### What the task requires
Starting at the line that contains "Handcrafted Sunset Cotton" and stopping at the line that contains "Bill Cunningham bleu", restate each line of the records below exactly. Omit the pictures.

### Information given
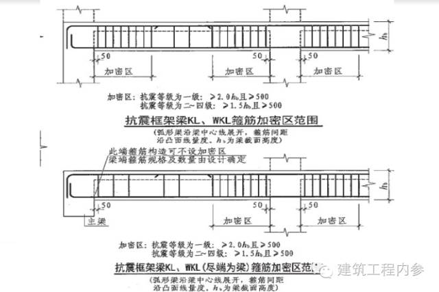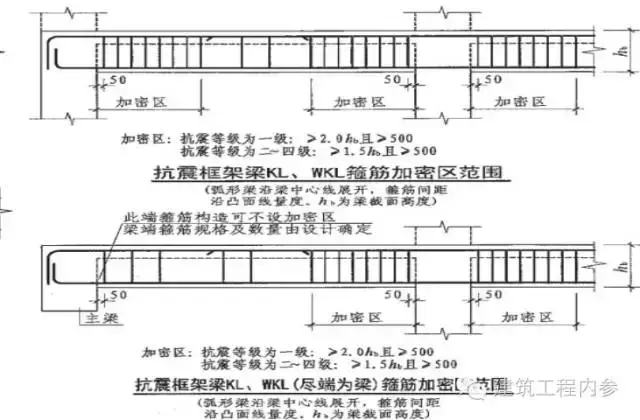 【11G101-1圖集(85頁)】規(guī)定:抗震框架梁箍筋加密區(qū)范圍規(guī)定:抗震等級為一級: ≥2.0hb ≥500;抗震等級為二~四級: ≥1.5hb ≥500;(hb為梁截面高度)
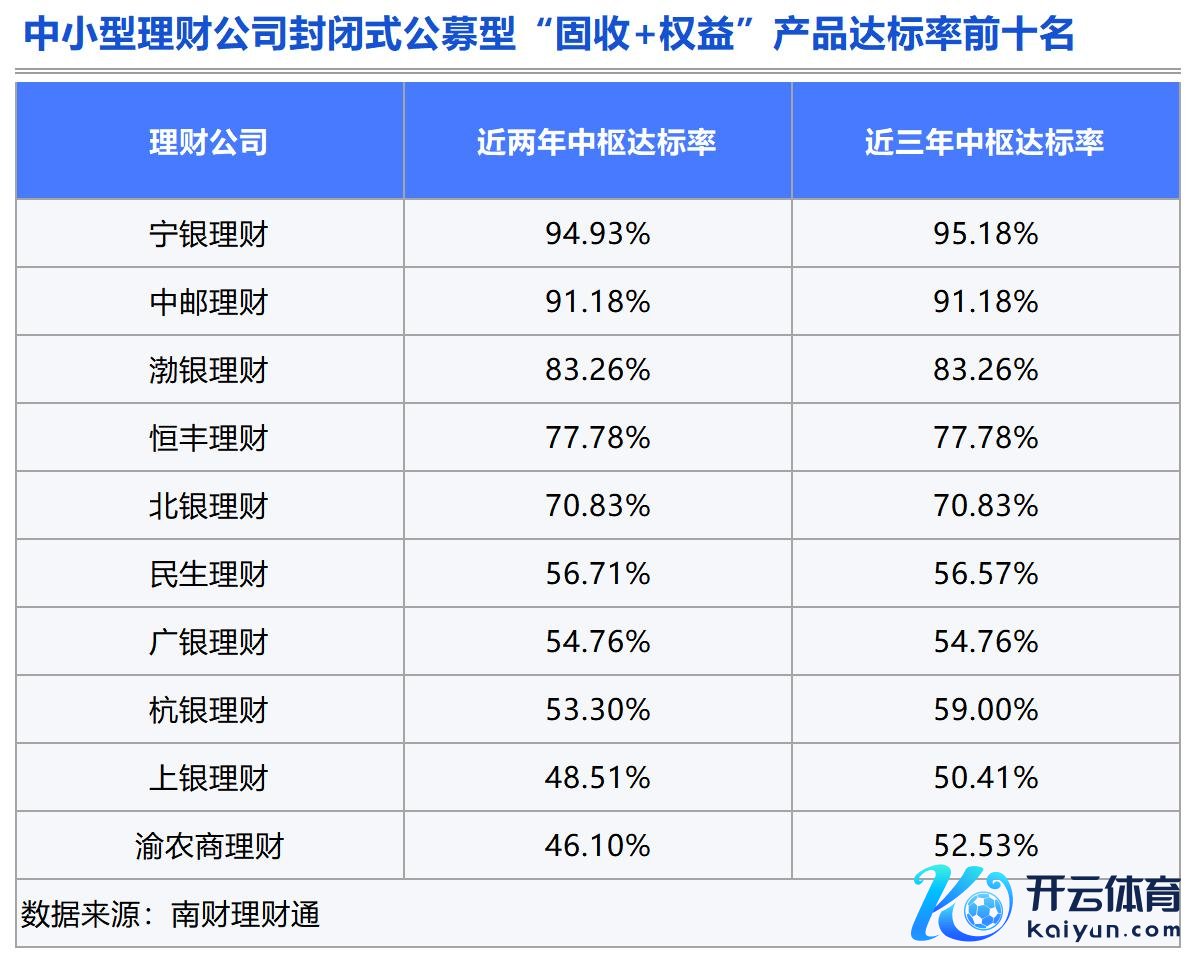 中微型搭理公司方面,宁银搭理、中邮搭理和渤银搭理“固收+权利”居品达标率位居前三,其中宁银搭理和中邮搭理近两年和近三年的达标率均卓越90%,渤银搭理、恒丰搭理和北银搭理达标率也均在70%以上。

==

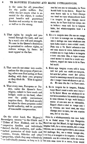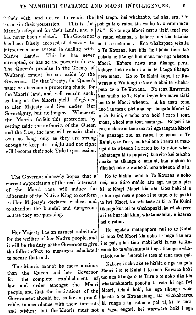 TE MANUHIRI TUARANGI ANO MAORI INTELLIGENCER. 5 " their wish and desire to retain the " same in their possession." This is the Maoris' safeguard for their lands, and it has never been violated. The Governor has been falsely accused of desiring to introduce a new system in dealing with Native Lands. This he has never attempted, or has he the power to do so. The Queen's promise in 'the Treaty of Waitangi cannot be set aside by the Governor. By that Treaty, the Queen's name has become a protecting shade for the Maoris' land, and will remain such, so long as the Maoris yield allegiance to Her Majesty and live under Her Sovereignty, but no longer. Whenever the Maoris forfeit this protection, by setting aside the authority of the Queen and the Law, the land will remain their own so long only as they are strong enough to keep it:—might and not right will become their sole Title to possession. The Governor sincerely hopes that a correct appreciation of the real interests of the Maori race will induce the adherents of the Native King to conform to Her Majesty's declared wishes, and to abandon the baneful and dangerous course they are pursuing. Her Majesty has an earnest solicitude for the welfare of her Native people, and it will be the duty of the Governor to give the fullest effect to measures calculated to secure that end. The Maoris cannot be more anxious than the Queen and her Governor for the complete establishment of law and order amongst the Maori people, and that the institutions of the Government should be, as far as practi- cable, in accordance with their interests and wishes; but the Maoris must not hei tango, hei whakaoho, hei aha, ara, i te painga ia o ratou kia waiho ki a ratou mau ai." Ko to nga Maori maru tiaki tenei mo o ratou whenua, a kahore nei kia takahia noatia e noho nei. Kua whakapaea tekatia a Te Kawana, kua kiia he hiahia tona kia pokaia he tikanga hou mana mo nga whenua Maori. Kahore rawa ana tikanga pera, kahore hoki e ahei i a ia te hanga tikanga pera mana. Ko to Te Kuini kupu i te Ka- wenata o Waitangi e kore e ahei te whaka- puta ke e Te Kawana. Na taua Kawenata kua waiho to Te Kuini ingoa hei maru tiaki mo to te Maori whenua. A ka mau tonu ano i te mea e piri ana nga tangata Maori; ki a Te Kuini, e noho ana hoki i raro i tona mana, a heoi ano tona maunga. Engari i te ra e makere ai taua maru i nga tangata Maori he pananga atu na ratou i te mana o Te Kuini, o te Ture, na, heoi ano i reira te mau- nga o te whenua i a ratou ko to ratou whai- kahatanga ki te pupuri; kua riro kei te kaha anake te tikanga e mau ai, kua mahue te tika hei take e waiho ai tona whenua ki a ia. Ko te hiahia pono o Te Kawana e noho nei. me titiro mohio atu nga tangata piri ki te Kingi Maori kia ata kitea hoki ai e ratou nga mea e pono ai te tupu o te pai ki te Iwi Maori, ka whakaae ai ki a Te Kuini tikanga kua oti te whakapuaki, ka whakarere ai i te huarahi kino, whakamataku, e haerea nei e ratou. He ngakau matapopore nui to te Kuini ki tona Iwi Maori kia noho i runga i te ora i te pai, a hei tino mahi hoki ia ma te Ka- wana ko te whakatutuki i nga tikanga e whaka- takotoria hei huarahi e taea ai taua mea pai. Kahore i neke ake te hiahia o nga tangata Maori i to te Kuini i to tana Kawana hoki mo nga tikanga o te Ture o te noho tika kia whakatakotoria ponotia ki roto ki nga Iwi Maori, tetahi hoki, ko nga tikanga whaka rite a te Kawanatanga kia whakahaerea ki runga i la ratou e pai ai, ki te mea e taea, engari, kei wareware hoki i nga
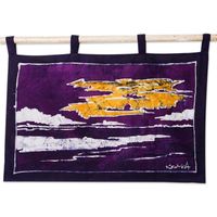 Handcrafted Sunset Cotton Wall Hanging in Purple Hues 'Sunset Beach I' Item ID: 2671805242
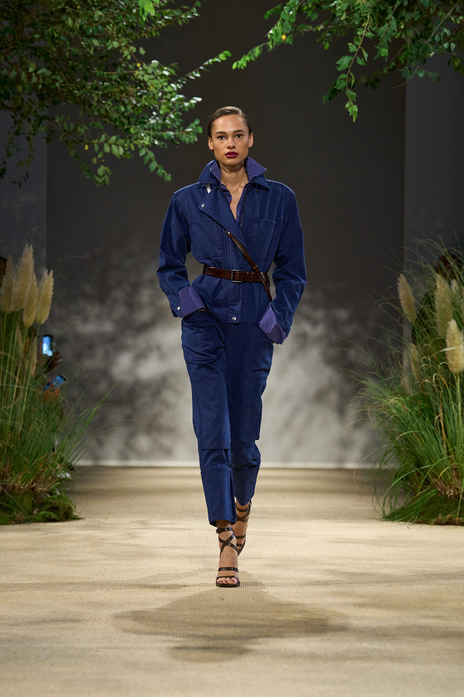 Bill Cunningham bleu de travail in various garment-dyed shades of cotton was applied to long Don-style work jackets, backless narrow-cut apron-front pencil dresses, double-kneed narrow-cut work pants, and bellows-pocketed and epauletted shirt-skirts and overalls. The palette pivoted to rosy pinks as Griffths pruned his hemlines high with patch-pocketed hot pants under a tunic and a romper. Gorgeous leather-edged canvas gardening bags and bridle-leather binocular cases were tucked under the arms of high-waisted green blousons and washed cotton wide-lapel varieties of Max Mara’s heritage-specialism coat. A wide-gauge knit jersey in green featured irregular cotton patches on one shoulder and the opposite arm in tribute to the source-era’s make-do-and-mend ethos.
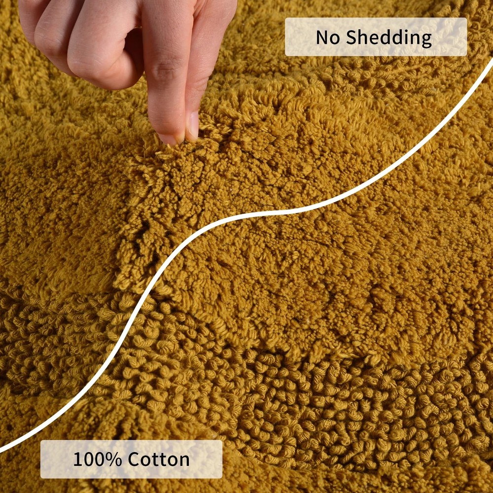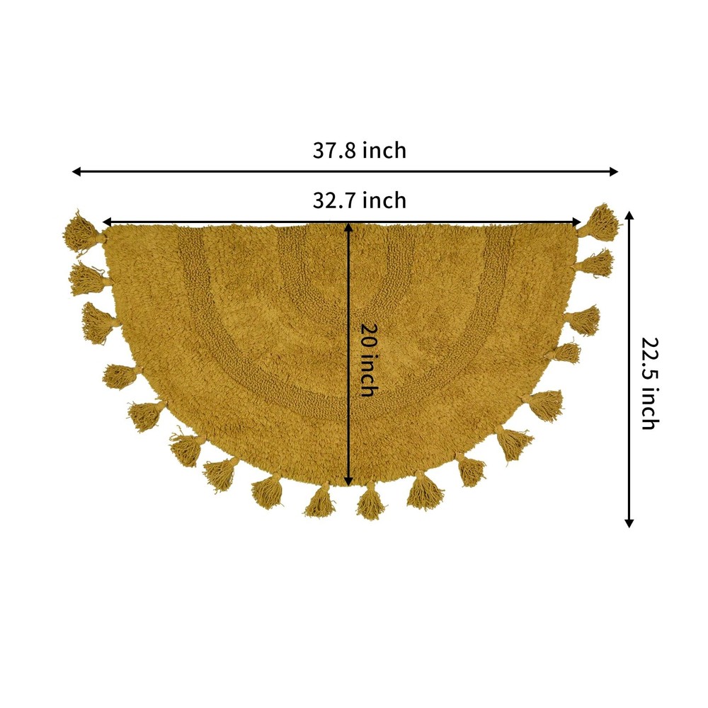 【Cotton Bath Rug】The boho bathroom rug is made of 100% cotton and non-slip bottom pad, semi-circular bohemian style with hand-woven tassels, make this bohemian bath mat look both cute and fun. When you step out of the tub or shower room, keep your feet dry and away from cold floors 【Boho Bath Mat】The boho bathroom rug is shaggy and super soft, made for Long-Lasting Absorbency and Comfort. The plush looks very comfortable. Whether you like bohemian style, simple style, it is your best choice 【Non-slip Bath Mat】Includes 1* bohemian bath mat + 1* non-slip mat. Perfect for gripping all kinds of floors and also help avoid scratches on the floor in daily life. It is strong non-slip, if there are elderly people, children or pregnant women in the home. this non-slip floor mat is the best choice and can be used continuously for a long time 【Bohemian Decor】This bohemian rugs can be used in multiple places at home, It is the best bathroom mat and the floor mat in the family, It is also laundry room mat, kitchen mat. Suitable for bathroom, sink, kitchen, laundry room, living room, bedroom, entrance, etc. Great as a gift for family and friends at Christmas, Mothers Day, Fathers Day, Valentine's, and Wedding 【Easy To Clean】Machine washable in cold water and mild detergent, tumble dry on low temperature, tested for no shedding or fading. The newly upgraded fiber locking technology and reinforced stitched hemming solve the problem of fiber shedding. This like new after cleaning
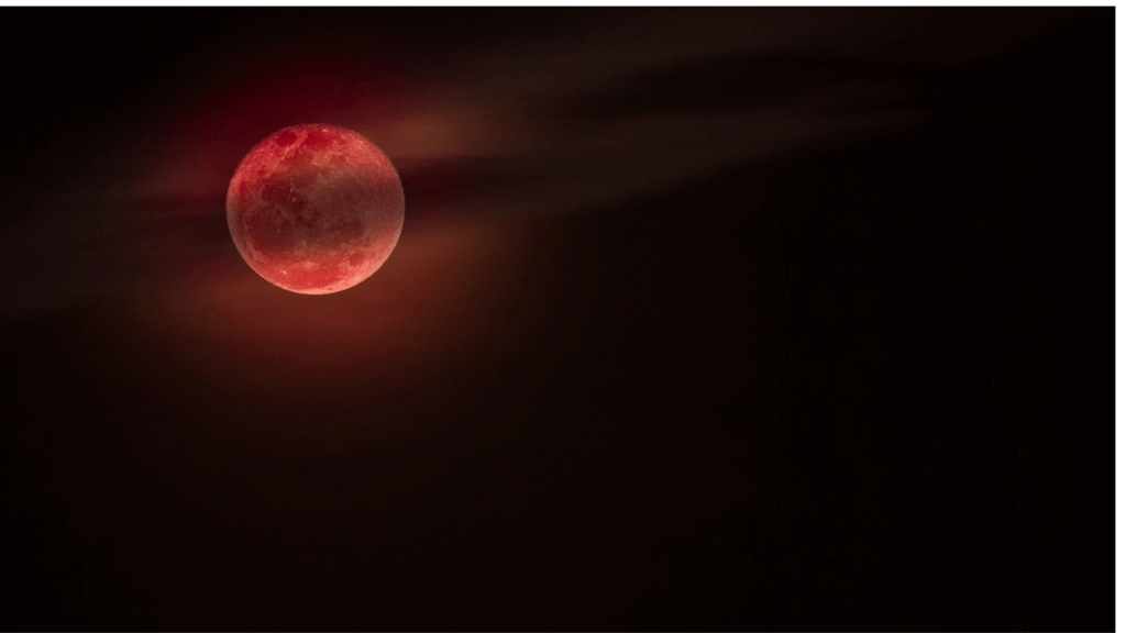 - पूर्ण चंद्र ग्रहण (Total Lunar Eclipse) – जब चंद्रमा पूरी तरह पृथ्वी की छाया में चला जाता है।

---

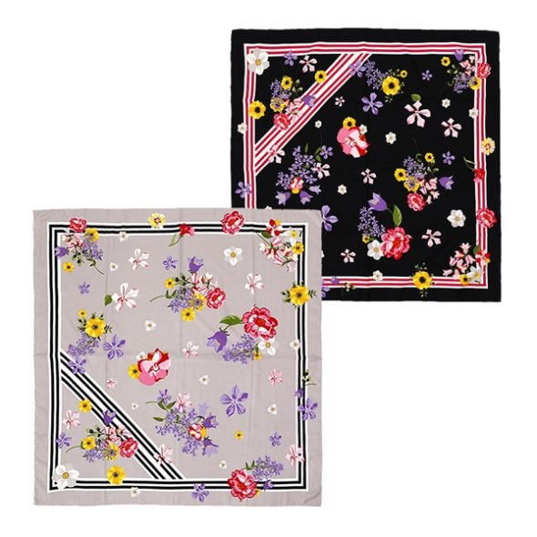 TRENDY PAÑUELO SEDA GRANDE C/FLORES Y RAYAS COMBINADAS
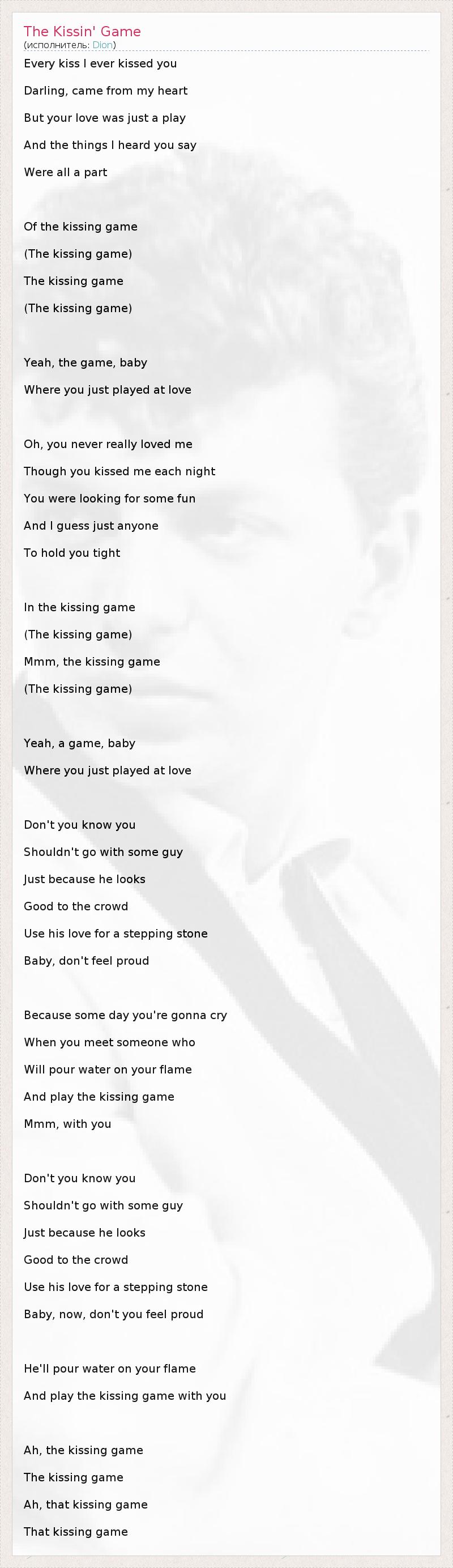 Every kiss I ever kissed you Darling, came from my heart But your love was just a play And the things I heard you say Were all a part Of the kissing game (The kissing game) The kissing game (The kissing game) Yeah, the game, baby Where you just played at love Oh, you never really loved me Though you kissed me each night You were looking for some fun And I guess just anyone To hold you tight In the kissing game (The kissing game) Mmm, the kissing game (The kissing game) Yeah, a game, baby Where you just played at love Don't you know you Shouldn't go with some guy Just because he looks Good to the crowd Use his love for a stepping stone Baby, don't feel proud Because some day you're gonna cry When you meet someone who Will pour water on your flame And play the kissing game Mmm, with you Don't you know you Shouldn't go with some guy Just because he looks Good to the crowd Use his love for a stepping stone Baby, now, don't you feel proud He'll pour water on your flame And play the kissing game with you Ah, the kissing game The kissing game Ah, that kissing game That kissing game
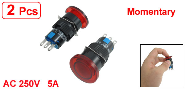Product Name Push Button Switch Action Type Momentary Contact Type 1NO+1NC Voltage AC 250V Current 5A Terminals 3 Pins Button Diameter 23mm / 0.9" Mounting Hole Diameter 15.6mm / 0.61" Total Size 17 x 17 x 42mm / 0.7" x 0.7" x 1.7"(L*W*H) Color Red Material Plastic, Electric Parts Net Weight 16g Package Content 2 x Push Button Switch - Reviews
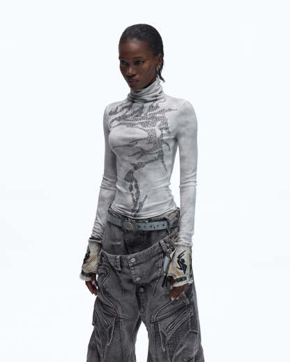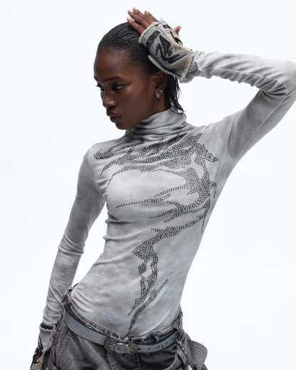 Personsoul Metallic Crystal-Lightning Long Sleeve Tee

### Completed task
 Handcrafted Sunset Cotton Wall Hanging in Purple Hues 'Sunset Beach I' Item ID: 2671805242
 Bill Cunningham bleu de travail in various garment-dyed shades of cotton was applied to long Don-style work jackets, backless narrow-cut apron-front pencil dresses, double-kneed narrow-cut work pants, and bellows-pocketed and epauletted shirt-skirts and overalls. The palette pivoted to rosy pinks as Griffths pruned his hemlines high with patch-pocketed hot pants under a tunic and a romper. Gorgeous leather-edged canvas gardening bags and bridle-leather binocular cases were tucked under the arms of high-waisted green blousons and washed cotton wide-lapel varieties of Max Mara’s heritage-specialism coat. A wide-gauge knit jersey in green featured irregular cotton patches on one shoulder and the opposite arm in tribute to the source-era’s make-do-and-mend ethos.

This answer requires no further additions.